The best first command
💬 Claude Code Chat ⭐ Best first run — independent agents, no consensus driftone real agent per reviewer, blind to the others
That opens five reviewers on your codebase. Here's what a session looks like after pointing them at an authentication PR:
🔒 Vex — Security Engineer
The JWT secret is pulled from process.env.JWT_SECRET at line 47, but there's no validation it's set before startup. An empty string means every token signed with "" is technically valid. I can forge one right now that passes this check.
😤 Grumbal — The Adversary
And the refresh token rotation at line 89 doesn't invalidate the old token on issue. If someone lifts a refresh token before it's used, both copies work until expiry. That's not a rotation, that's a copy.
🌶️ Boundary — Edge-Case Hunter
What happens if userId in the token payload is null? Line 112 passes it straight to the DB query with no null check. That's either a crash or an injection path depending on how your ORM handles null params.
🎯 Yui — The Craftsman
You've got validateToken() and verifyJWT() doing overlapping work — one calls the other but both have independent error-handling paths. Pick one.
🚢 Dana — The Pragmatist
Vex's startup validation is a must-ship fix, agreed. The refresh token issue is real but narrow — requires stealing a token in a specific window. File it. The null userId is a one-liner. Yui's refactor waits for tech debt week.

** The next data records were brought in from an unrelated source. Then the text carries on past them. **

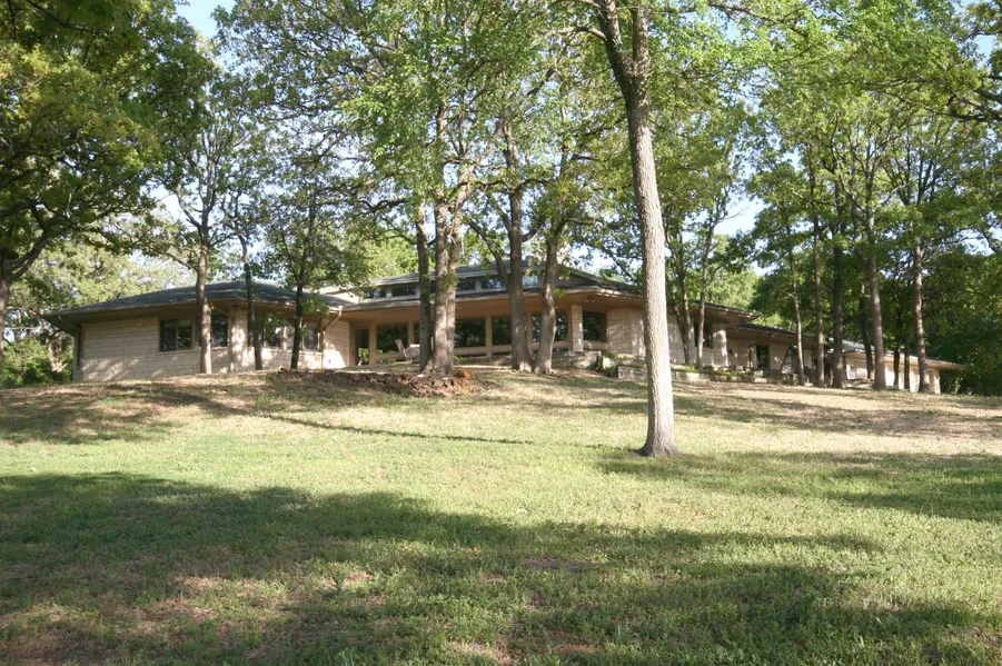As you pass through a gated entrance, youll follow a long, winding paved drive to the top of a high hill, where the home sits privately in a quiet, partially-wooded setting. With miles of dramatic views that go all the way to Muenster (probably 20 miles away), this beautiful custom Austin stone home is positioned to take full advantage of its elevated location. Its single-story design with luxurious details offers over 3,700 square feet of interior living space that includes a large living room, with a wall of oversized windows and wood-burning fireplace, sharing an open floor-plan with the dining area and nicely accessorized kitchen. There are 4 spacious bedrooms, 3.5 baths, a fully equipped media room and a 16x18 screened in sitting area with a fireplace adjoining the home to its oversized 3-car garage.
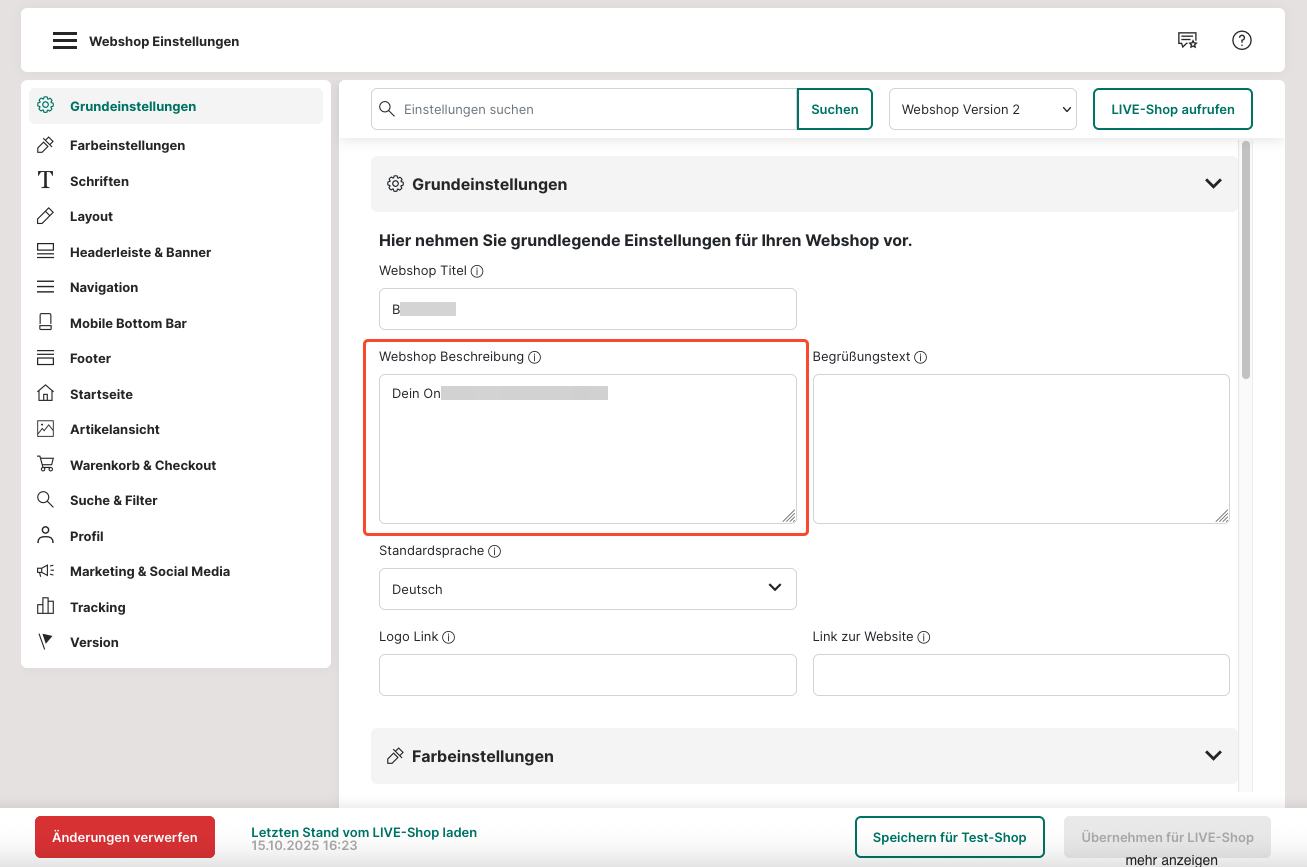6. In dem Feld "Webshop-Beschreibung" kannst du eine Beschreibung für deinen Webshop reinschreiben. Diese wird auch von den verschiedenen Suchmaschinen genutzt, um deinen Webshop vorzuschlagen.
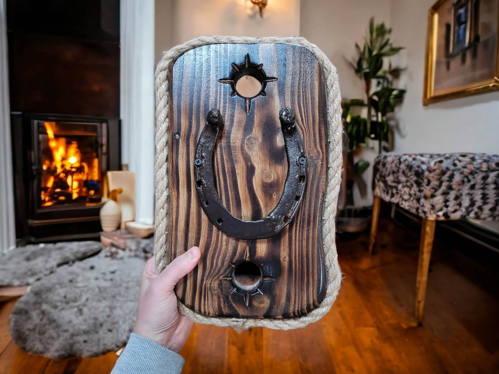 Stara podkowa na desce do powieszenia. Ręcznie robiona, stylowa dekoracja drewniana. Jeśli chcesz mieć coś naturalnego w mieszkaniu, a zarazem coś starego z historią, to ta dekoracja będzie świetnym pomysłem. Dekoracja unikatowa. Doskonały pomysł dla mężczyzny i kogoś kto lubi naturalne dekoracje.

That's a code review. Five genuinely different minds, each attacking from their own angle, then arguing about what actually ships versus what gets filed. In subagent mode, each reviewer only sees your message — not what the others said. Their responses are woven together afterward. No single AI produces this — one mind can't simultaneously assume the code is broken and advocate for shipping the 80%.
The five reviewers
These aren't personality labels slapped on the same model. Each one has a distinct mandate and a different failure mode they're trained to find:
🔒
Security Engineer
Vex
Threat-models everything. Hunts injection, broken authz, leaked secrets, SSRF, supply-chain risk. Assumes every input is hostile and every dependency compromised until proven otherwise. Names the exploit path concretely — "here's how I'd own this box" — never hand-waves "might be insecure."
😤
The Adversary
Grumbal
Assumes the code is broken and his job is to prove it. Grumpy, blunt, zero praise sandwiches. Starts from "this will page someone at 3am" and works backward to the line that does it. Allergic to optimism and "should be fine."
🌶️
Edge-Case Hunter
Boundary
Walks every branch and boundary. Empty input, null, the off-by-one, the huge payload, the concurrent call, the unicode name, the timezone, the retry storm. Method-driven, not mean: "what happens when this is called twice at once?"
🎯
The Craftsman
Yui
Cares about simplicity, naming, and reuse. Allergic to cleverness and duplication. "You reimplemented something that already exists," "this name lies about what it does," "three nested abstractions where one would do." Wants the boring, obvious, maintainable version.
🚢
The Pragmatist
Dana
Counters the perfectionists so the room isn't a pile-on. "Does this actually matter to a user? Ship the 80%, file the rest." Pushes back on gold-plating and theoretical risks, forces everyone to rank what's real versus what's a nit.
Why five matters
Dana exists specifically to stop the others from blocking every PR. Without her, a crew of Vex, Grumbal, Boundary, and Yui would generate a backlog that never ships. The tension between Dana and the rest is the point — it forces prioritization, not just discovery.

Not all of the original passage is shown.